Олена не ответила. Так же внимательно, как прежде на воду, она смотрела теперь на лицо капитана. Она видела все до мельчайших подробностей. Светлые брови, один волосок был длиннее других и смешно торчал. В углу губ прилип обрывок папиросной бумаги, маленькое белое пятнышко. На щеках сеть красноватых жилок, глаза, моргающие белесыми ресницами. Одно ухо капитан отморозил — оно было опухшее и больше другого.
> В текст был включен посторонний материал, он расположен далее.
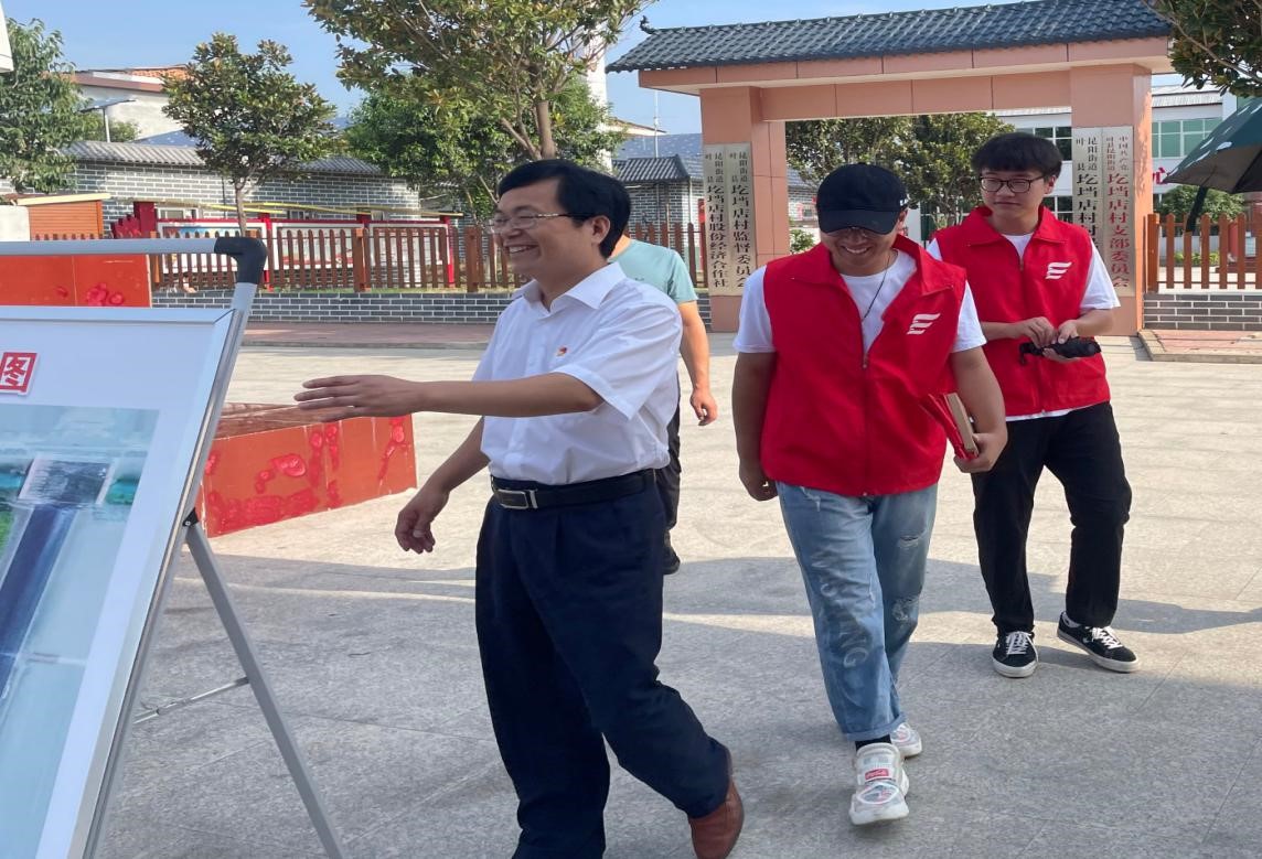 在热情村民的带领下,志愿者们来到圪垱店村文化广场。在干净宽敞的村史长廊内,志愿者们认真地观看村史画幅,了解圪垱店移民新村的发展。恰逢当日平顶山市领导也来到圪垱店新村,志愿者们和领导深入沟通,了解圪垱店新村的扶贫项目和民生发展,另外领导们十分高兴地为志愿者们讲解圪垱店新村的规划图以及未来的长期发展。
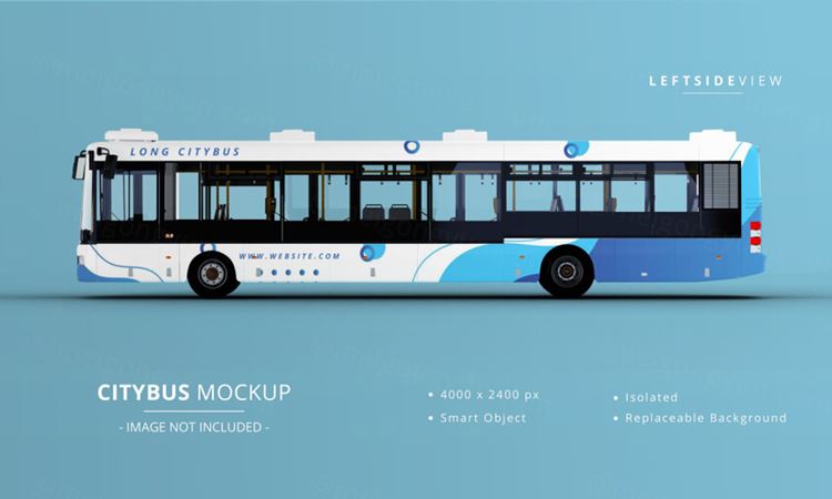 图穷联素材库 » 超长城市公交车公共汽车车身广告贴图展示样机模板 Long city bus mockup

— Чего смотришь? Я тебя спрашиваю, где партизаны?

Он понял, что вопрос не дошел до нее. Что она не слышит, что ему ничего не добиться. Капитана охватила дикая ненависть. Он пожалел, что не может еще раз получить в свои руки ее ребенка, — слишком быстро и просто он с ним покончил. Надо было на ее глазах сдирать с него кожу, отрезать уши, выколоть глаза. Может, тогда бы она, наконец, дрогнула, может, это убедило бы ее. А он вот поторопился, а теперь завтра опять будут звонить из штаба, ведь он — что за легкомыслие! — дал туда знать, что поймана партизанка. Конечно, там никто не поймет, что из бабы невозможно ничего выжать. А его приятели с превеликим удовольствием постараются довести до сведения начальства, что капитан Курт не умеет обращаться с арестованными, не умеет добиться показаний, что он, видно, слишком мягок, слишком либерален по отношению к местному населению…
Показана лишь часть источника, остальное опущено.